*** Opening of TASK MATERIAL ***
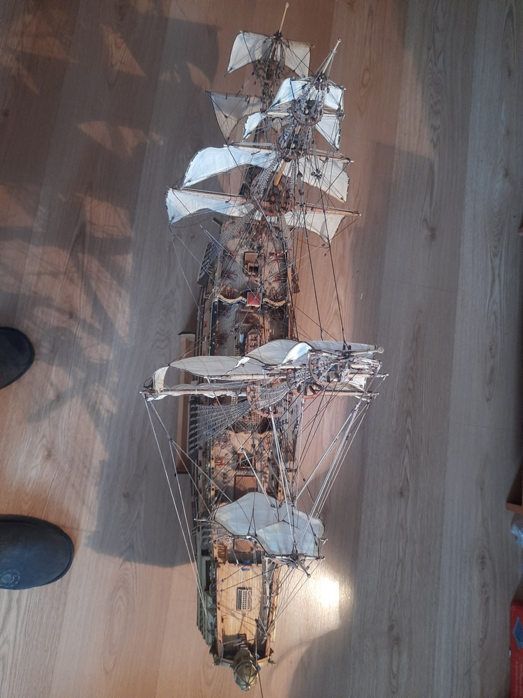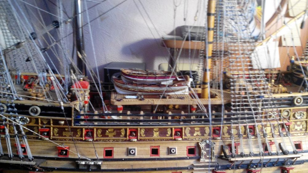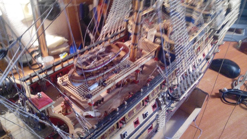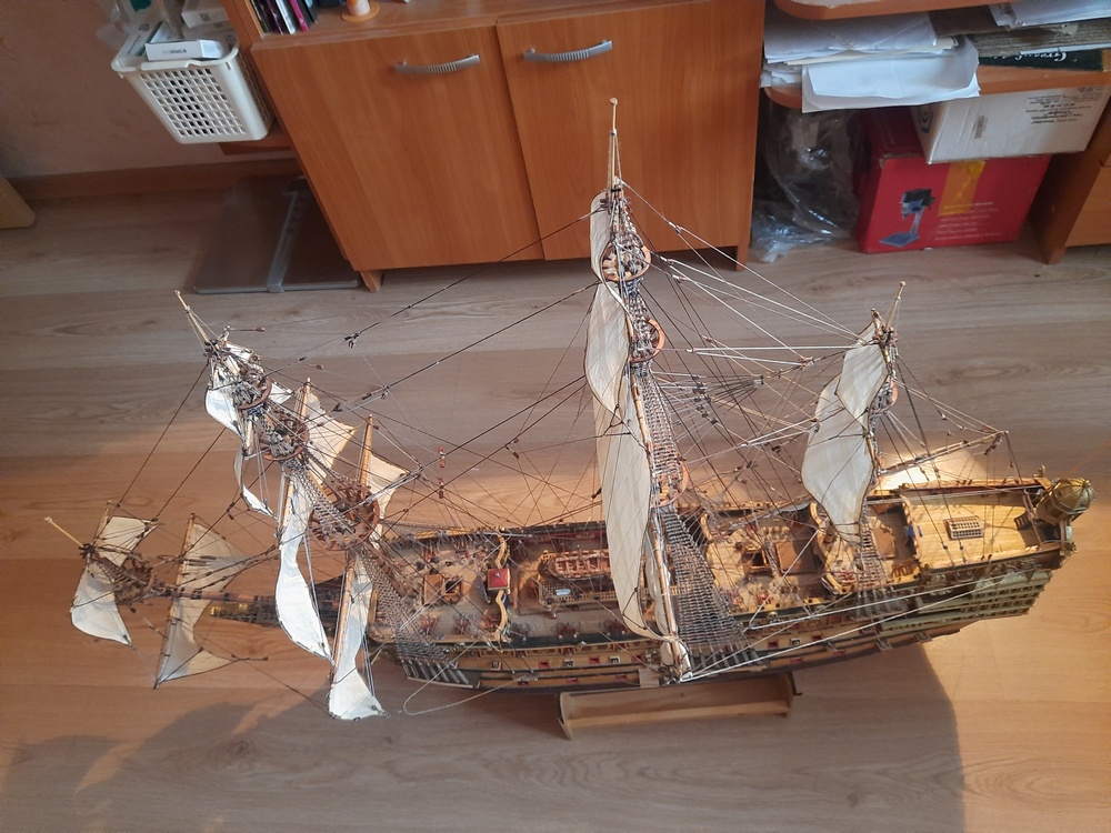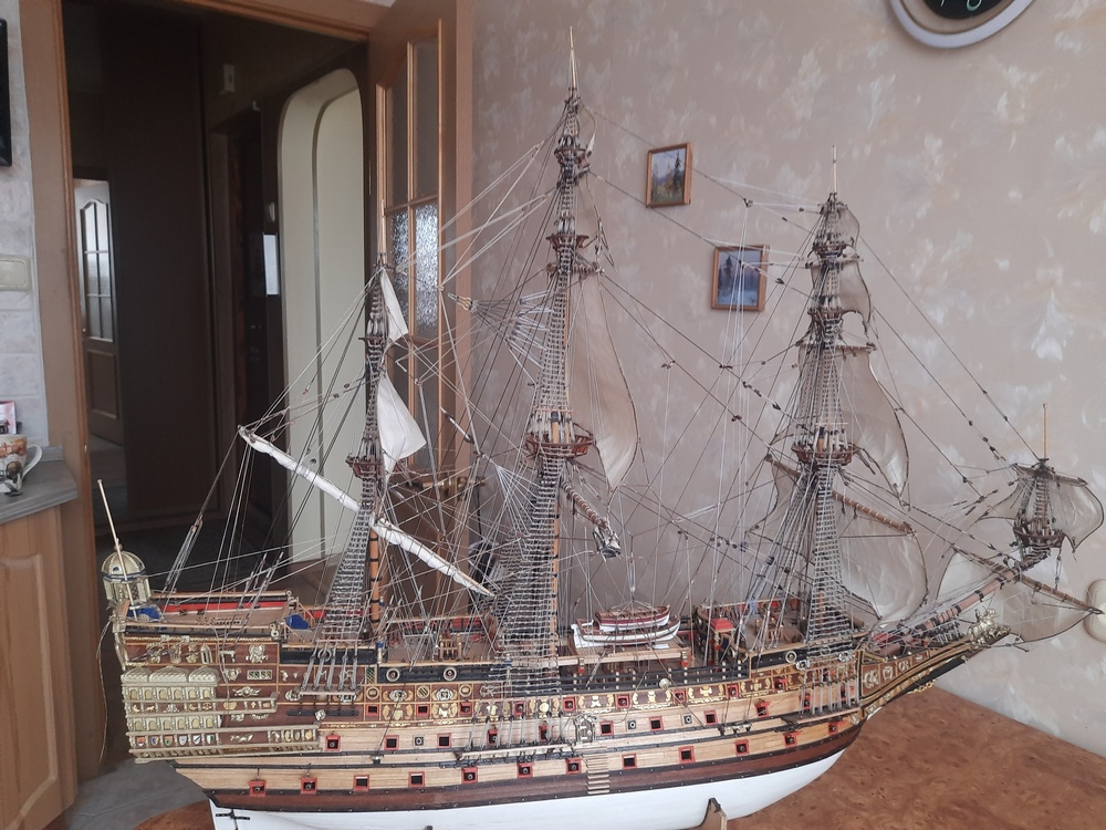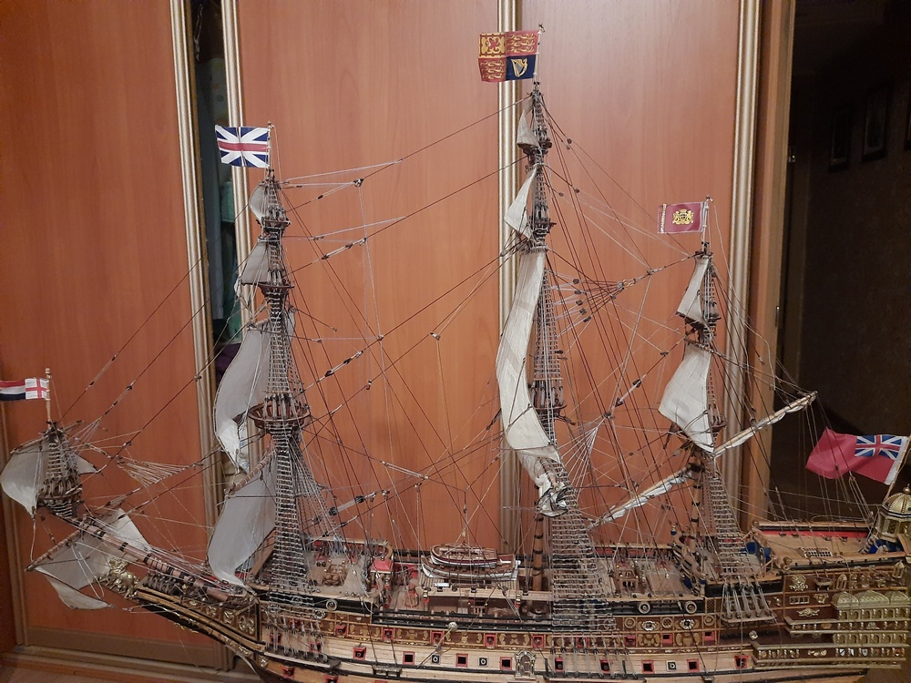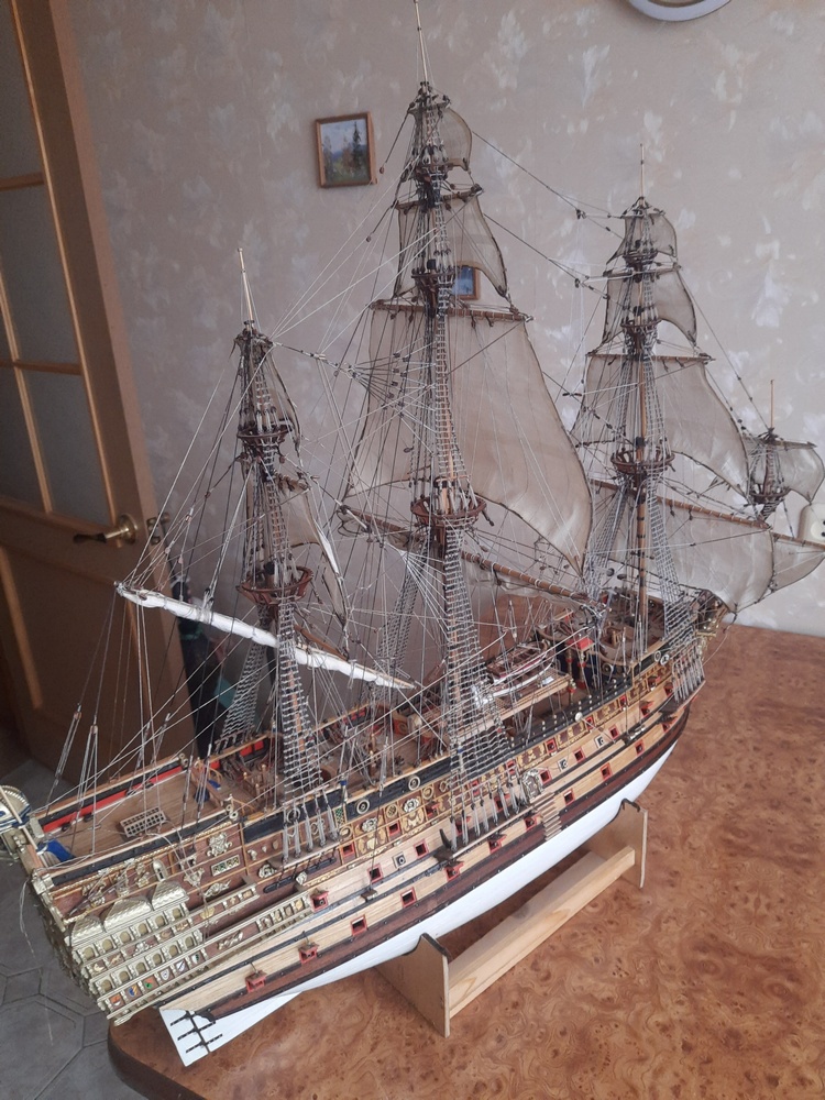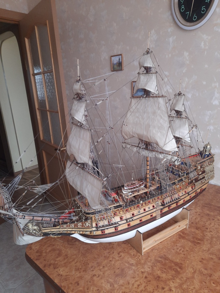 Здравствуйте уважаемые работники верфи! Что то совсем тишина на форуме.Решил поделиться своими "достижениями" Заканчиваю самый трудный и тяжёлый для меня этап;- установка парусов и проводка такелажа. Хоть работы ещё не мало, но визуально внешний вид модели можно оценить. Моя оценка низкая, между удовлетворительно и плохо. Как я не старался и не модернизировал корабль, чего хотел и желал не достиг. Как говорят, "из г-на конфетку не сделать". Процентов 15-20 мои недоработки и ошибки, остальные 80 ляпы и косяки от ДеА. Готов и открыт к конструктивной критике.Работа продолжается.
*** Close of TASK MATERIAL ***
*** Opening of TASK MATERIAL ***
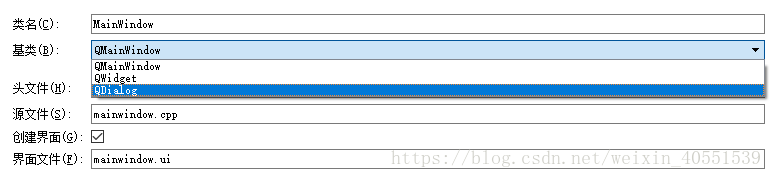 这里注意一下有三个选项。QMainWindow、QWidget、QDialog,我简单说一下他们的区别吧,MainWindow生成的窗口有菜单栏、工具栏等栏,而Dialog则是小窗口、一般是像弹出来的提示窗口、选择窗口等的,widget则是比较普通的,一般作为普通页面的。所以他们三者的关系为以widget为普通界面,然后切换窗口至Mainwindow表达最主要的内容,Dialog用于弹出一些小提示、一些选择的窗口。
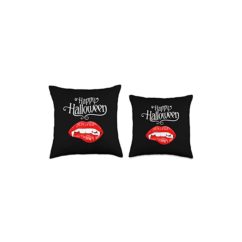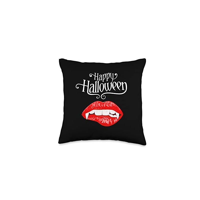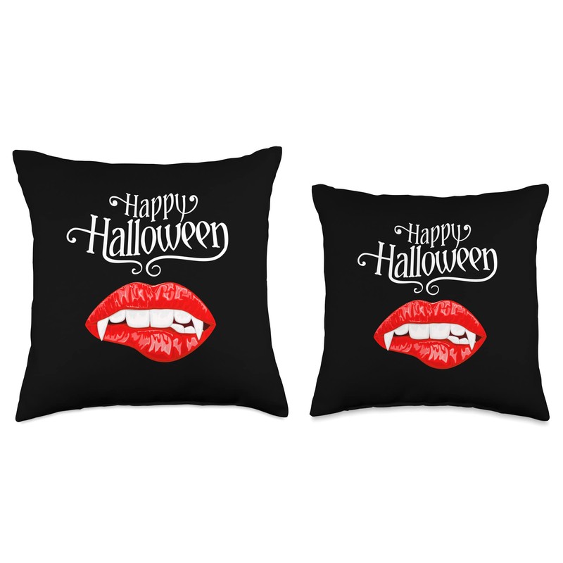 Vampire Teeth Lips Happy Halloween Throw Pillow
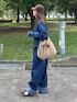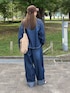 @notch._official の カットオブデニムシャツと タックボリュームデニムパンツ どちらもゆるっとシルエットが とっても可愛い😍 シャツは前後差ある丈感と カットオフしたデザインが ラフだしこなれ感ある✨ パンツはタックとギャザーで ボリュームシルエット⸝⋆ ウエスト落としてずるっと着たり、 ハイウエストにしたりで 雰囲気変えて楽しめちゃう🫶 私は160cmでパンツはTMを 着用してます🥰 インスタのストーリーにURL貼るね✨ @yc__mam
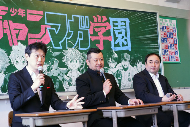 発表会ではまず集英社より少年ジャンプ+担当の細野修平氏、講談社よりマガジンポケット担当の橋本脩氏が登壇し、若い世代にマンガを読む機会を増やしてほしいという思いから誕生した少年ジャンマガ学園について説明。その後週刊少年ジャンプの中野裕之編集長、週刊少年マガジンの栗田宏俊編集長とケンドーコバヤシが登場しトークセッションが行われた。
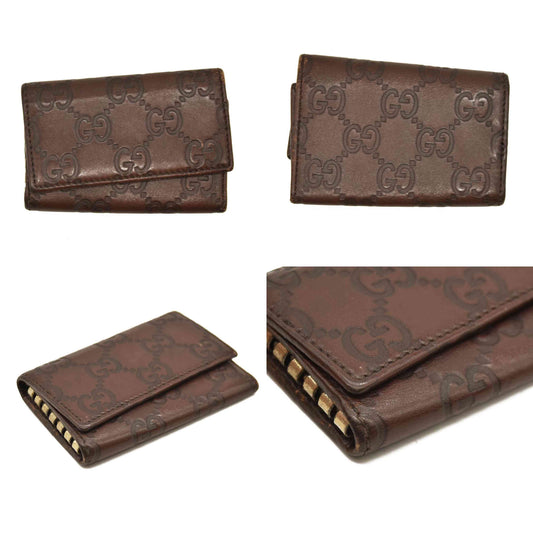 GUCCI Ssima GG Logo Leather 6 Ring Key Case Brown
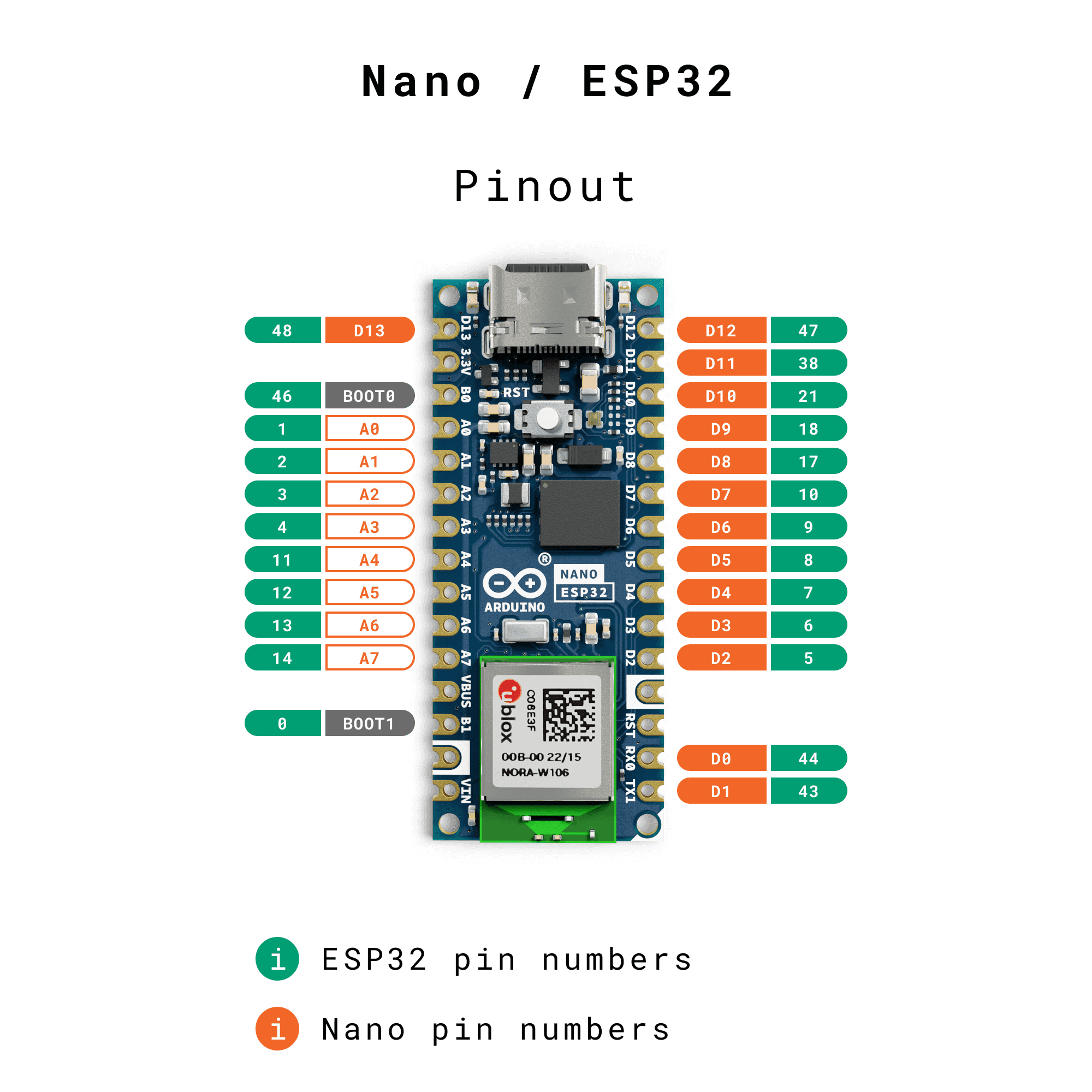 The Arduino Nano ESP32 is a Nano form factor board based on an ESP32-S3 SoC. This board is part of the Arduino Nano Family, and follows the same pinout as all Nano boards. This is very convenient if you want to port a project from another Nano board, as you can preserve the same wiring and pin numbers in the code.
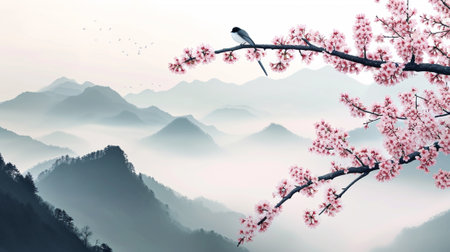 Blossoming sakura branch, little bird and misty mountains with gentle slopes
*** Close of TASK MATERIAL ***
Taking the records above, print only and exactly the lines from the line with "这里注意一下有三个选项。QM" to the line with "The Arduino Nano ESP32", both kept, and exclude pictures.

# SOLUTION TO THE EXERCISE:
 这里注意一下有三个选项。QMainWindow、QWidget、QDialog,我简单说一下他们的区别吧,MainWindow生成的窗口有菜单栏、工具栏等栏,而Dialog则是小窗口、一般是像弹出来的提示窗口、选择窗口等的,widget则是比较普通的,一般作为普通页面的。所以他们三者的关系为以widget为普通界面,然后切换窗口至Mainwindow表达最主要的内容,Dialog用于弹出一些小提示、一些选择的窗口。
 Vampire Teeth Lips Happy Halloween Throw Pillow
 @notch._official の カットオブデニムシャツと タックボリュームデニムパンツ どちらもゆるっとシルエットが とっても可愛い😍 シャツは前後差ある丈感と カットオフしたデザインが ラフだしこなれ感ある✨ パンツはタックとギャザーで ボリュームシルエット⸝⋆ ウエスト落としてずるっと着たり、 ハイウエストにしたりで 雰囲気変えて楽しめちゃう🫶 私は160cmでパンツはTMを 着用してます🥰 インスタのストーリーにURL貼るね✨ @yc__mam
 発表会ではまず集英社より少年ジャンプ+担当の細野修平氏、講談社よりマガジンポケット担当の橋本脩氏が登壇し、若い世代にマンガを読む機会を増やしてほしいという思いから誕生した少年ジャンマガ学園について説明。その後週刊少年ジャンプの中野裕之編集長、週刊少年マガジンの栗田宏俊編集長とケンドーコバヤシが登場しトークセッションが行われた。
 GUCCI Ssima GG Logo Leather 6 Ring Key Case Brown
 The Arduino Nano ESP32 is a Nano form factor board based on an ESP32-S3 SoC. This board is part of the Arduino Nano Family, and follows the same pinout as all Nano boards. This is very convenient if you want to port a project from another Nano board, as you can preserve the same wiring and pin numbers in the code.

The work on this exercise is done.